Minimizing Associated Costs: ADR can reduce or eliminate nearly all the costs associated with taking a case to trial including, lawyer’s fees, court costs, lost time and wages and other less-tangible costs associated with the emotional toll and hassle of litigation.  


Mediation and arbitration fees can range from about $200 to $600 for small and medium-sized disputes like personal injury, property damage and negligence claims, and landlord-tenant and individual contract disputes. 


Business contract and damage award disputes can be much more expensive to mediate-arbitrate. Nolo reports that business parties in a multi-million dollar contract dispute that takes four eight-hour days to iron out will probably shell out around $8,000. 


In divorce mediation cases where the couple has a house and cars and bank accounts to divide up and child support and custody questions to clear up, parties can expect to pay about $1,200 each. 


Many organizations exist to facilitate alternative dispute techniques and are less interested in making a buck than they are in working out an agreement. If your dispute is not too complicated you can probably find an organization to help mediate your claims for a nominal charge. 


Private and Confidential: One major benefit of ADR is that hearings and meetings and proceedings and decisions are usually always kept private and confidential. This can keep the terms of any agreement behind closed doors and away from prying eyes and can facilitate total candor among the parties and help reach the common ground necessary to settlement.  


Conclusion and Finality: ADR brings closure to disputes that can drag out for months or even years and most settlements result in binding agreements – particularly with arbitrated settlements -- that carry the weight of legally enforceable contracts between the parties. 


Pitfalls of ADR: Alongside the benefits of ADR, there are also some serious pitfalls to watch out for.
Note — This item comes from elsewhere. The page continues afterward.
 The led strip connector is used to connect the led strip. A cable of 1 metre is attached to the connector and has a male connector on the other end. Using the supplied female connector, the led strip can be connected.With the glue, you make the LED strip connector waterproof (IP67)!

Any of the benefits mentioned above can become a liability in the wrong set of circumstances. The decisions of non-binding arbitration and mediation, for example, are often much less final than parties might like. Really, they amount to agreements that may or may not be enforceable. 


The choice of neutrals, as another example, carries the flipside possibility that you may not be able to find out much about your decision-maker before the day of the hearing, and neutrals are generally much-less accountable than judges who are public officials and subject to ethics rules and laws that govern their profession. 
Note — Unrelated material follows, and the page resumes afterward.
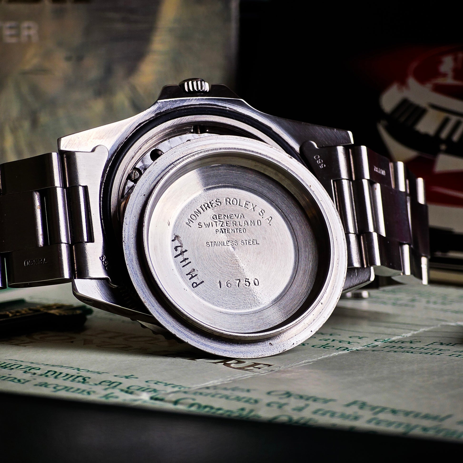 Introduced in the mid-1950s, the Rolex GMT-Master was originally developed in collaboration with Pan Am Airways to aid pilots in tracking multiple time zones during the golden age of intercontinental travel. The reference 16750, launched in the late 1970s, represented a major technical evolution — introducing the quickset date and an upgraded Caliber 3075 , while preserving the classic aesthetics of the original tool watch.

The confidentiality and privacy of ADR can have its dark underside too, as when you want others to know of the behavior of your opponent. Settled disputes often require parties to stay hush-hush as to the outcome. Also, there are no records or transcripts of ADR proceedings that can be used by you for any potential appeal, which brings us to perhaps the chief difficulty of ADR.  


An arbitrated decision may carry a very limited or even no rights to appeal. Courts are taking an increasingly strong view of the merits of arbitration, enforcing decisions whether the parties necessarily agree with them or not.  
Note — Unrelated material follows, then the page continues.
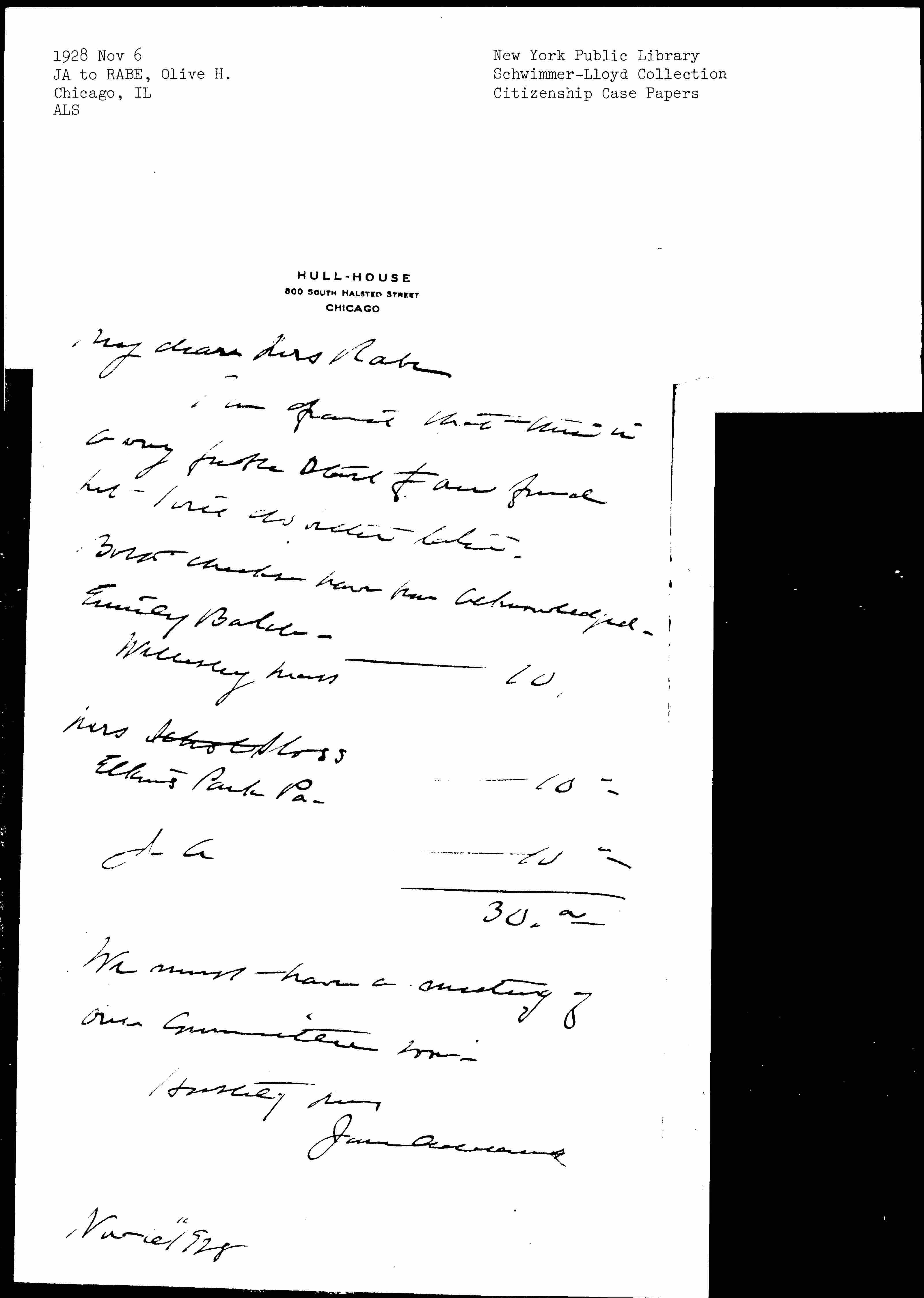 Jane Addams to Olive Hanson Rabe, November 6, 1928

Steven K. Ludwig describes that trend in an article outlining the growing practice among employers to require binding arbitration for all statutory conflicts as a condition of employment. 


Ludwig notes the United States Supreme Court ruling that upheld a decision in Gilmer v. Interstate/Johnson Lane Corp., (500 U.S. 20, 1991) in which the court held that there was no absolute right of access to the courts by a plaintiff pursuing an age-discrimination action against an employer, if the employer has a solid arbitration agreement with its employees.  


Ludwig adds, “The court found that an agreement to arbitrate was governed by the Federal Arbitration Act which provides that ‘a written provision in any … contract … to settle by arbitration a controversy thereafter arising out of such contract … shall be valid, irrevocable, and enforceable.’ The court also noted that it had regularly held that federal statutory claims can be the subject of enforceable arbitration agreements” [3].  


You should weigh each of these benefits against the possible pitfalls to help determine if ADR is for you.